BEGIN Exercise materials
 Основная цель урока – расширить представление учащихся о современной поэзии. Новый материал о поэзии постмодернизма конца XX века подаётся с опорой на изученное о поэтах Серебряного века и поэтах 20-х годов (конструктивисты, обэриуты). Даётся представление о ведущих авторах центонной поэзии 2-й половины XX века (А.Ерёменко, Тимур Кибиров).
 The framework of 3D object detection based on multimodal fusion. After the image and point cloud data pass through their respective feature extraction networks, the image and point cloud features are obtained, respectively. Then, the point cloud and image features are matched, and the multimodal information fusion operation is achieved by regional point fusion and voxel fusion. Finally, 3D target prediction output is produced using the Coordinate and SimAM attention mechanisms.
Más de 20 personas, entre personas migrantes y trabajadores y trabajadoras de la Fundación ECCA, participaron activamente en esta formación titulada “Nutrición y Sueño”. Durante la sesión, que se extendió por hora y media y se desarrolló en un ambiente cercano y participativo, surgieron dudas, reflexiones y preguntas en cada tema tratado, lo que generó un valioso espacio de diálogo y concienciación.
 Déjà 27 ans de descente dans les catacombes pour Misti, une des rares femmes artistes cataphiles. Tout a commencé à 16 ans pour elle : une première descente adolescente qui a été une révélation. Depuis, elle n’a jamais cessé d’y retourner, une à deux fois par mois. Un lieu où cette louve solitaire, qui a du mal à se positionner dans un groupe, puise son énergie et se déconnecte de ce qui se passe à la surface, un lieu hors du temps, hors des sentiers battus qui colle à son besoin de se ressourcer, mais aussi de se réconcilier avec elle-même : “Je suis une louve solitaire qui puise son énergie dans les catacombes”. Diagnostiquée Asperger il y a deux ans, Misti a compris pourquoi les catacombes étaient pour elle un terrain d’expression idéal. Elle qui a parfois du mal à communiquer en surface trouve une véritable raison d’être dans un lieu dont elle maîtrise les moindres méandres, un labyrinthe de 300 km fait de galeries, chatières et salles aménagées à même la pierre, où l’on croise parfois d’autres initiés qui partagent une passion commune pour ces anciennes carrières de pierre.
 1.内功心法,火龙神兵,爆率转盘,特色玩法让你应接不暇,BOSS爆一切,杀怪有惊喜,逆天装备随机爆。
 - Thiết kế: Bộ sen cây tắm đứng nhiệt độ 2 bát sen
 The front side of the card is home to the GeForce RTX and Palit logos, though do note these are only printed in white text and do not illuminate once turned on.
END Exercise materials
BEGIN Exercise materials
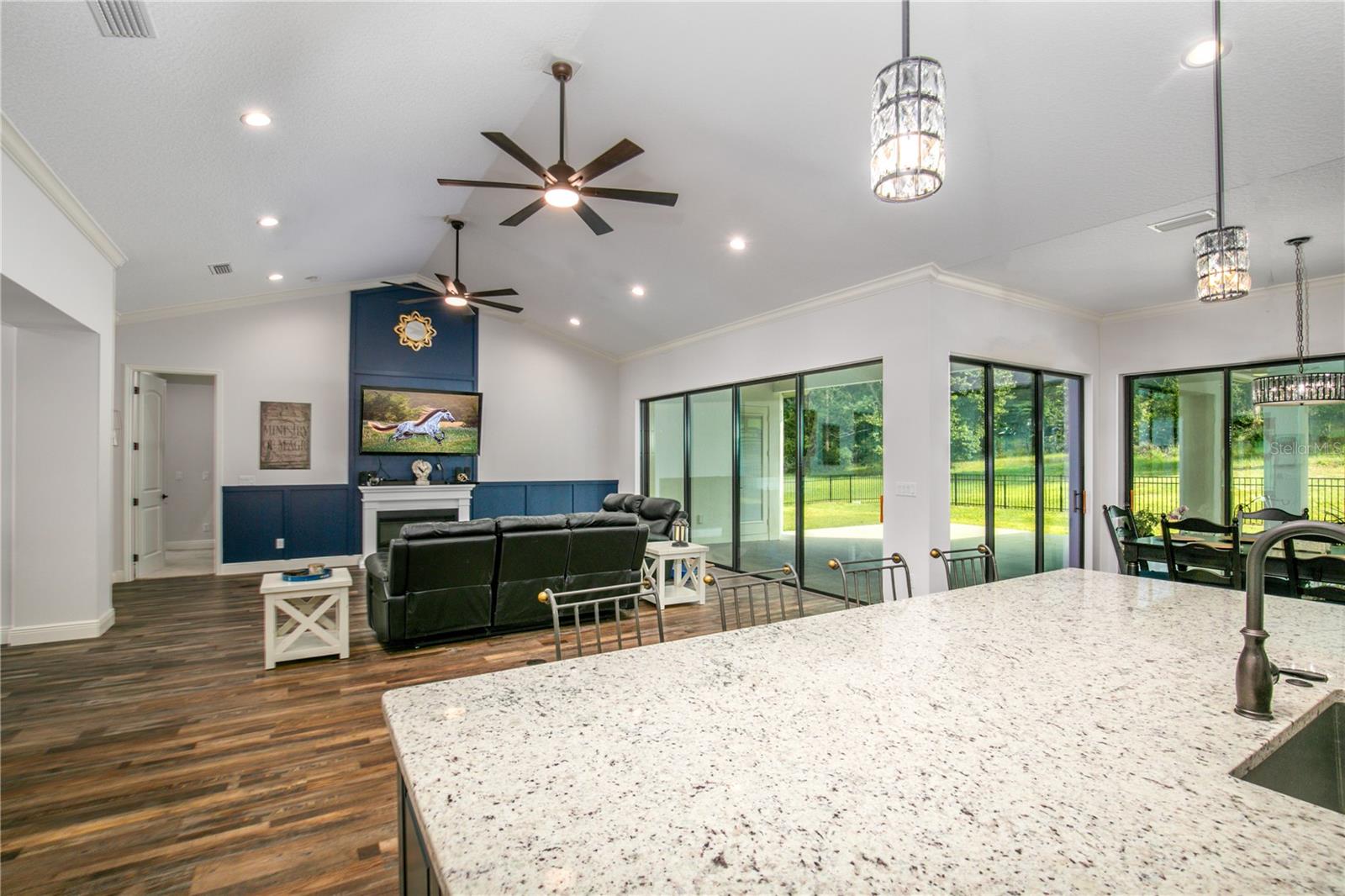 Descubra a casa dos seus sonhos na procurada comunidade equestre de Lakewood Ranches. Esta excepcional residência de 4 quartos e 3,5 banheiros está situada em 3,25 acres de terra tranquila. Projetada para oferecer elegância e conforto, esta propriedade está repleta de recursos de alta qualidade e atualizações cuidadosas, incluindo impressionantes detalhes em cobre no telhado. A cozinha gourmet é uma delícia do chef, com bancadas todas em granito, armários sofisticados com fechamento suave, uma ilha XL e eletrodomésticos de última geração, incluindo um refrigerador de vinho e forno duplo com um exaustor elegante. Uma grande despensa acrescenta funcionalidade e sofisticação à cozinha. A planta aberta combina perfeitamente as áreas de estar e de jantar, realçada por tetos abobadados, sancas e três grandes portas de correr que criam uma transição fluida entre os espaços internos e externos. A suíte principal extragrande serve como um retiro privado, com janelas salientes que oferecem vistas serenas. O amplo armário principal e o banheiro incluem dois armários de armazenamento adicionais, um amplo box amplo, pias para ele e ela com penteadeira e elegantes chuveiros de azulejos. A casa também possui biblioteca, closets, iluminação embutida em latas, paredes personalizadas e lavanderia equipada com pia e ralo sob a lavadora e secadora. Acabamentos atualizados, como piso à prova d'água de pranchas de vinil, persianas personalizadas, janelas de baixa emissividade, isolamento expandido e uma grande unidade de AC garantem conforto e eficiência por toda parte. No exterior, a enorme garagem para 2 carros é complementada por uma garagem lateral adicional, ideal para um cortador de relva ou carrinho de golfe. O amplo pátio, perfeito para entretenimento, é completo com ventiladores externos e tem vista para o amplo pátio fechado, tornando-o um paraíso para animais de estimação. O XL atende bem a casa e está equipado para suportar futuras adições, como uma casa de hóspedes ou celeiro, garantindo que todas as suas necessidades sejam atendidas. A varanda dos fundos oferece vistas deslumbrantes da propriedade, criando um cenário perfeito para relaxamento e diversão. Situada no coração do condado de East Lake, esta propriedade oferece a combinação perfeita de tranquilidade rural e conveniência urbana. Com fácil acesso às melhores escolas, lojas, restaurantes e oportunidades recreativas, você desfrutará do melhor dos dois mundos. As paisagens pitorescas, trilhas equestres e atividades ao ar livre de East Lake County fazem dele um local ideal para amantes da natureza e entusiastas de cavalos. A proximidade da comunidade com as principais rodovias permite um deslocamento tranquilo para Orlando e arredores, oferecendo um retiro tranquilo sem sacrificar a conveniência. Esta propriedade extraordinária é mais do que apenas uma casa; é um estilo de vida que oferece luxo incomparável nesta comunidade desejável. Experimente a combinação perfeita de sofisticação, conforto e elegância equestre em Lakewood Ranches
END Exercise materials
§ Your instructions
Only the lines above from the one with "Основная цель урока" up to and including the one with "The framework of" should be repeated, exactly as written.

§ Result
 Основная цель урока – расширить представление учащихся о современной поэзии. Новый материал о поэзии постмодернизма конца XX века подаётся с опорой на изученное о поэтах Серебряного века и поэтах 20-х годов (конструктивисты, обэриуты). Даётся представление о ведущих авторах центонной поэзии 2-й половины XX века (А.Ерёменко, Тимур Кибиров).
 The framework of 3D object detection based on multimodal fusion. After the image and point cloud data pass through their respective feature extraction networks, the image and point cloud features are obtained, respectively. Then, the point cloud and image features are matched, and the multimodal information fusion operation is achieved by regional point fusion and voxel fusion. Finally, 3D target prediction output is produced using the Coordinate and SimAM attention mechanisms.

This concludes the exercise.